In the UK, the investigation into unlawful restrictive agreements in the hotel online booking sector was closed by way of commitments offered by the parties.
The investigation looked into agreements between Expedia, Booking.com and the hotel group IHG which restricted the online agents from offering discounted rates in IHG hotels and included 'most favoured customer' clauses designed to ensure that Expedia and Booking.com would not be undercut by other online agents. The parties' commitments addressed only the restriction on offering discounted rates in IHG hotels.
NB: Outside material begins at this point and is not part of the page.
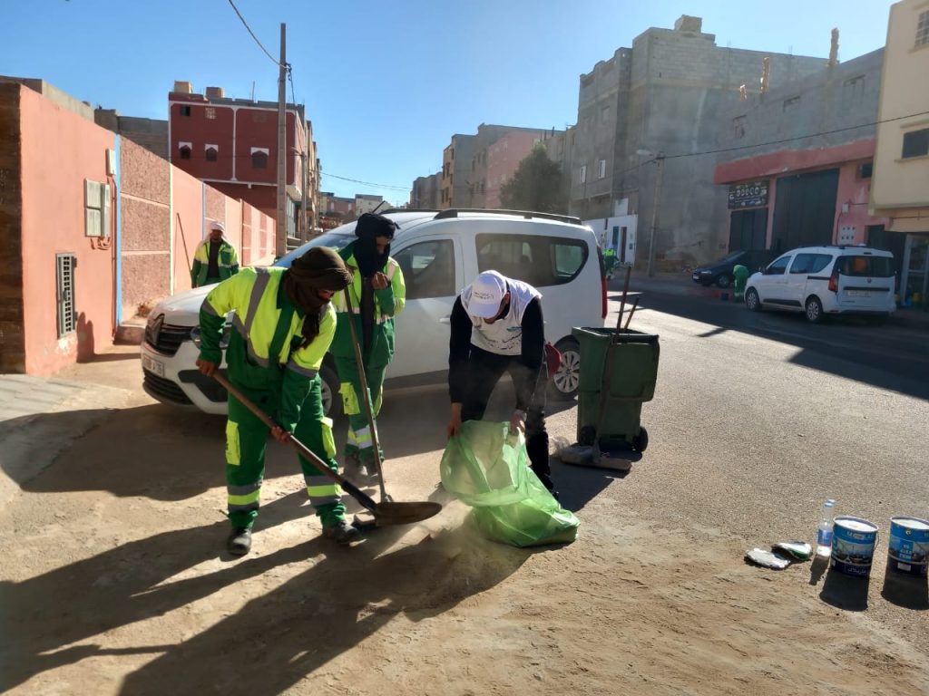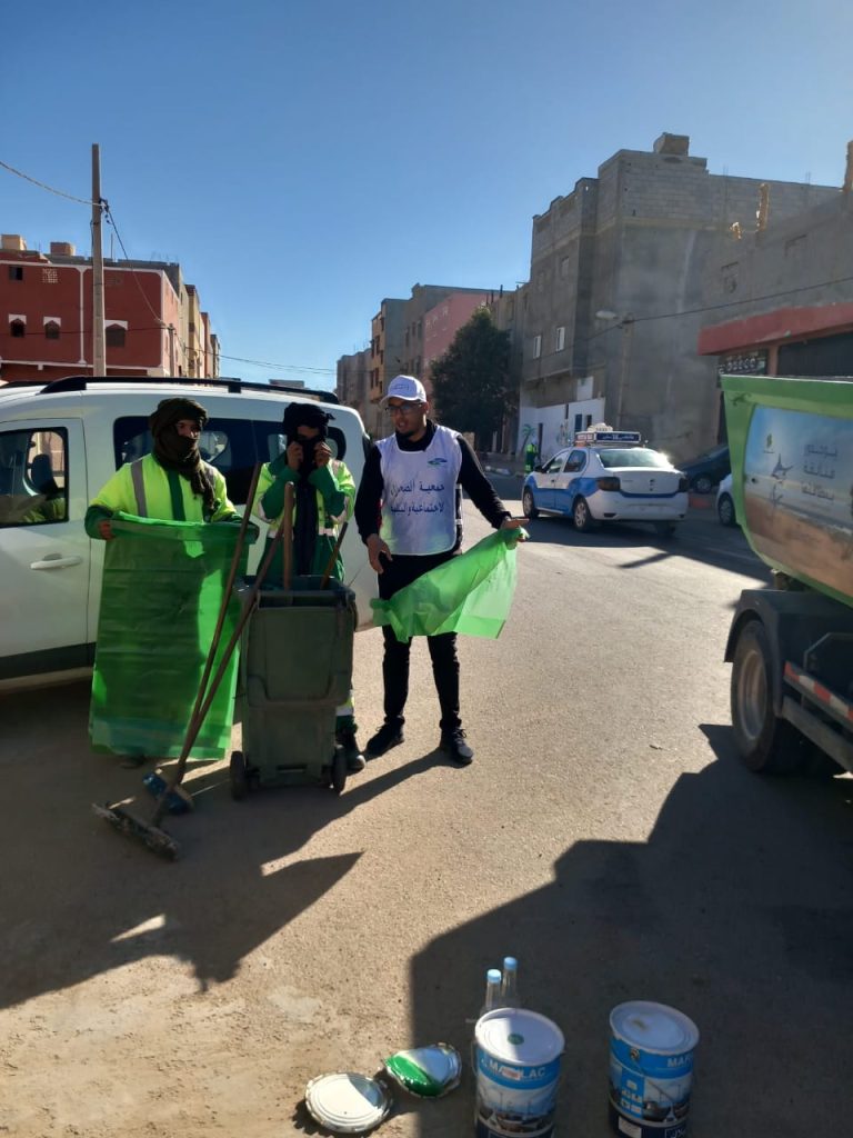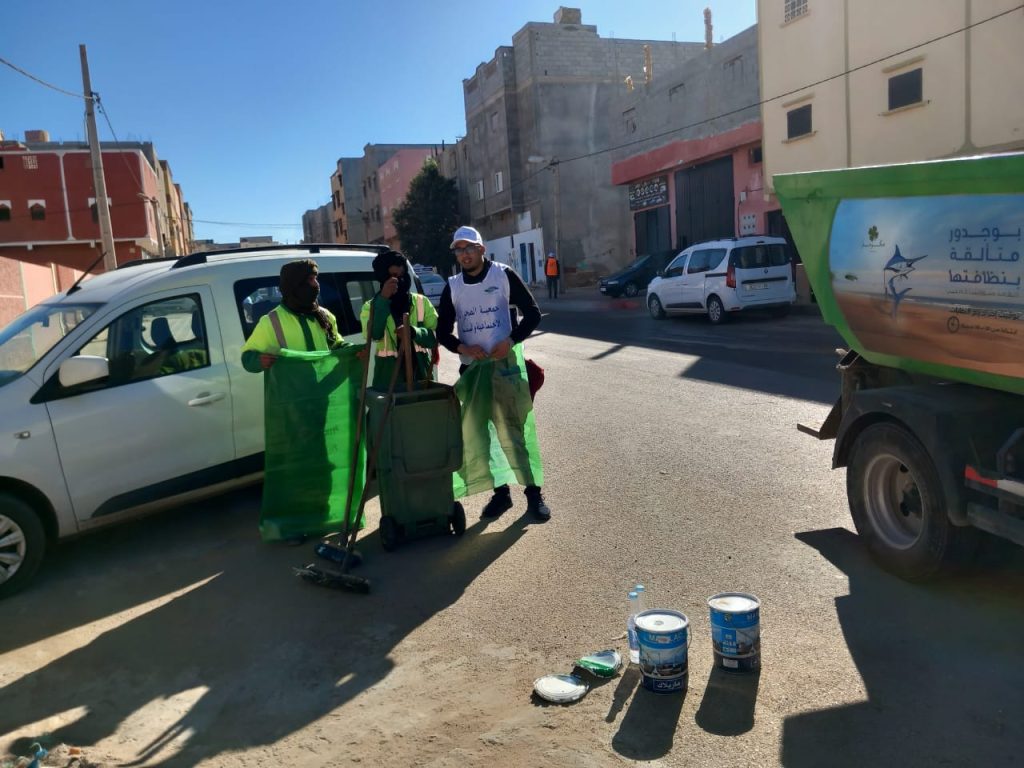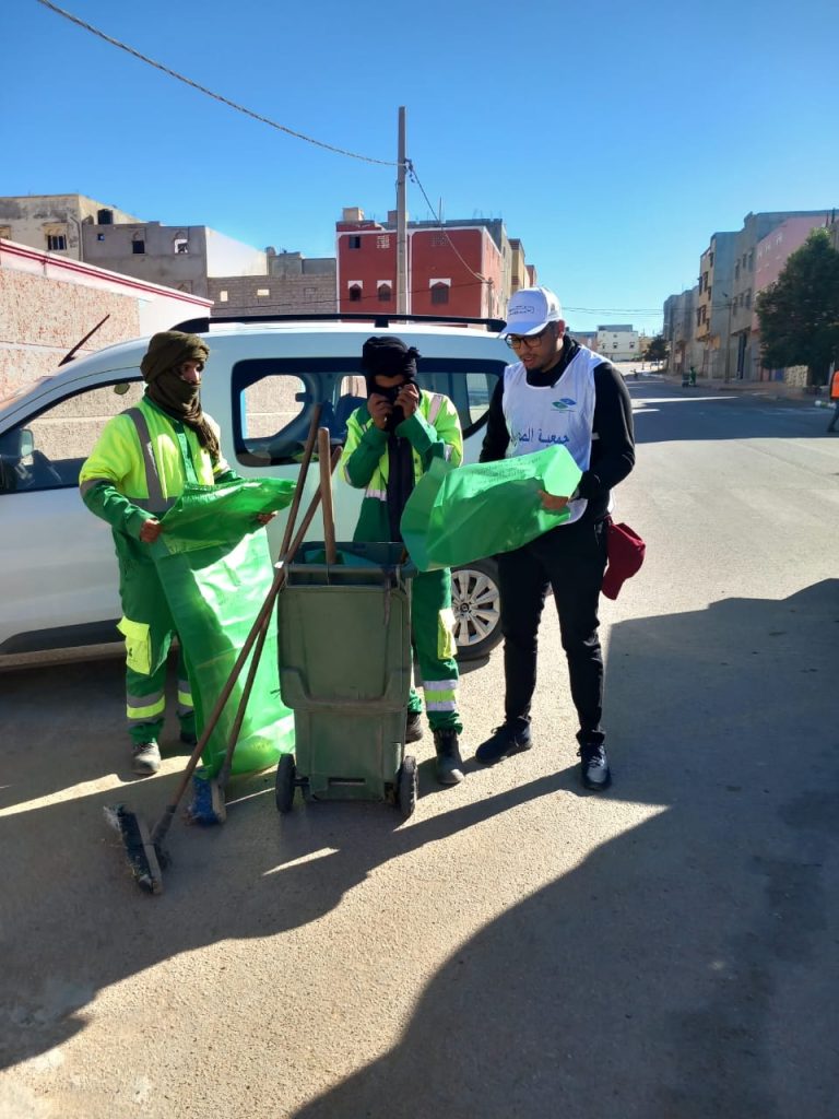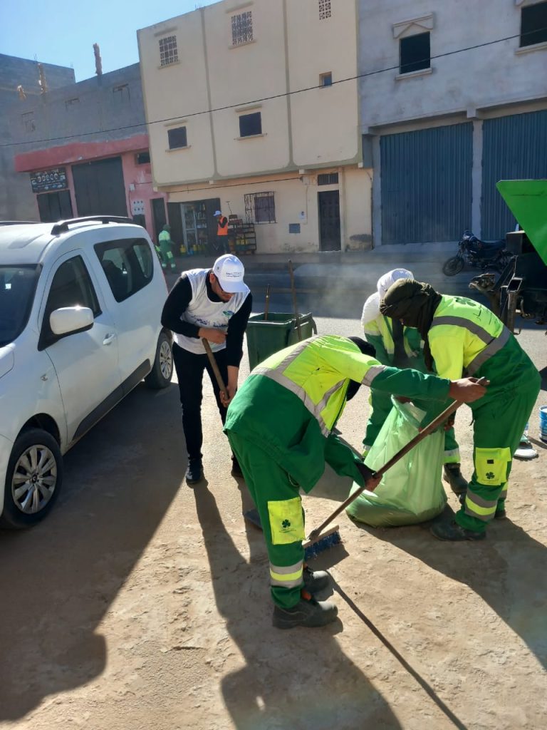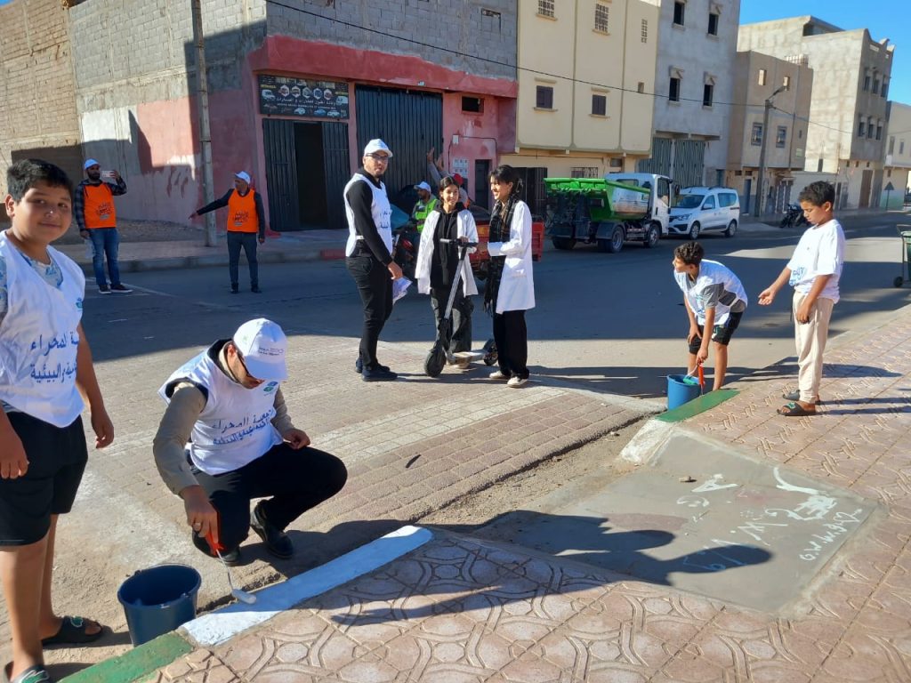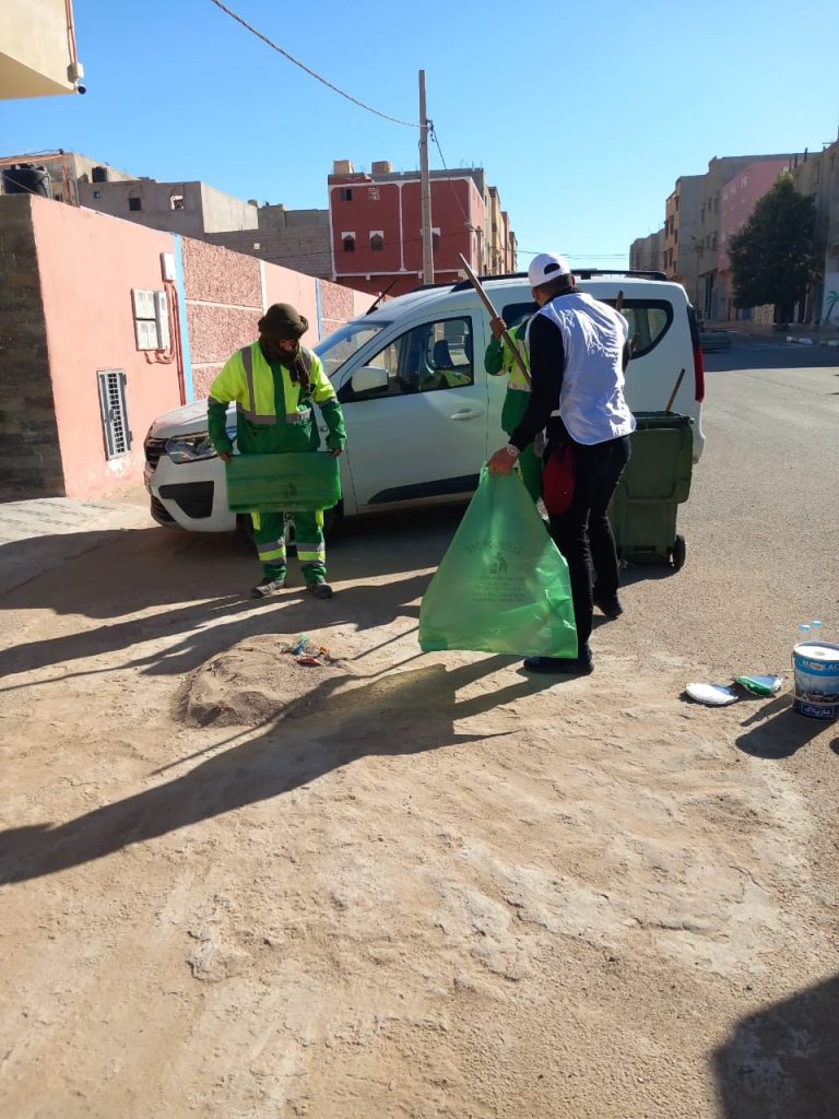 بشراكة مع شركة مكومار (MECOMAR)… جمعية الصحراء الاجتماعية والبيئية تُدخل البهجة إلى الساكنة بحملة نظافة أعادت للحي بريقه 🌿✨

They provided that Expedia and Booking.com would be allowed to offer discounted rates to members of closed groups or 'clubs'.
Skyscanner, a price comparison site, objected to the commitments during the period of consultation and then challenged the decision of the UK's Competition and Markets Authority to accept the commitments: any discounted prices would not be available for its price comparison site, since discounted rates would only be visible to consumers once they had joined the relevant online agent's club.
This was the first appeal against a decision by the CMA to accept commitments to close an investigation and the decision was quashed, largely on procedural grounds. In particular, the Competition Appeal Tribunal found that the CMA had failed properly to consider Skyscanner's submissions on the commitments during the consultation period.
Companies that might be affected by cases closed via commitments are entitled to have any submissions they make during the consultation period properly considered by the CMA, regardless of whether full supporting evidence is furnished.